Roxham Road at Quebec’s border with the United States was closed last March, to help stem the number of people crossing into Canada from south of the border. That has not worked, Estimé and others observe.
“I don’t know where they go or where they pass, but they are still coming,” she told Global News.
Frantz André who also works with asylum seekers through his organization, Non-status Action Committee, says he’s seen even more asylum seekers arriving since Roxham Road closed.
“Strangely enough, a lot of them are coming with visa,” he pointed out.

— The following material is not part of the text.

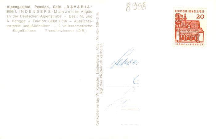 73880227 alte Postkarte Manzen Allgaeu Alpengasthof Pension Cafe Bavaria postalisch gelaufen Erhaltung siehe scans [WerneD78] KatCode: 11110009776117

In June, RCMP stopped just 36 people between official border points across Canada, compared to 4,994 in January. But the Canada Border Services Agency (CBSA) handled over 4,000 claims in June at airports, mostly in Quebec and Ontario, compared to more than 1,300 in January and just over 1,300 in June 2022.
Estimé says now she has to turn away between five and 10 people every day, and hers is the only shelter of its kind in Montreal North.
André stresses one of the problems is that there is a serious shortage of shelters and rent for an apartment is just too high.
“Finding an apartment today with whatever money they are getting from social services is almost impossible,” he said, noting that qualified individuals get less than $1,000 in social assistance monthly.
Estimé charges $400 monthly and most clients stay between one to three months until they get on their feet. She says if she had more cash she’d get a bigger place. They’re hosting an open house next Wednesday at 11891 Sainte-Gertrude Blvd., to help raise funds.
Until she gets help from the government she’ll continue to do what she can — and pray.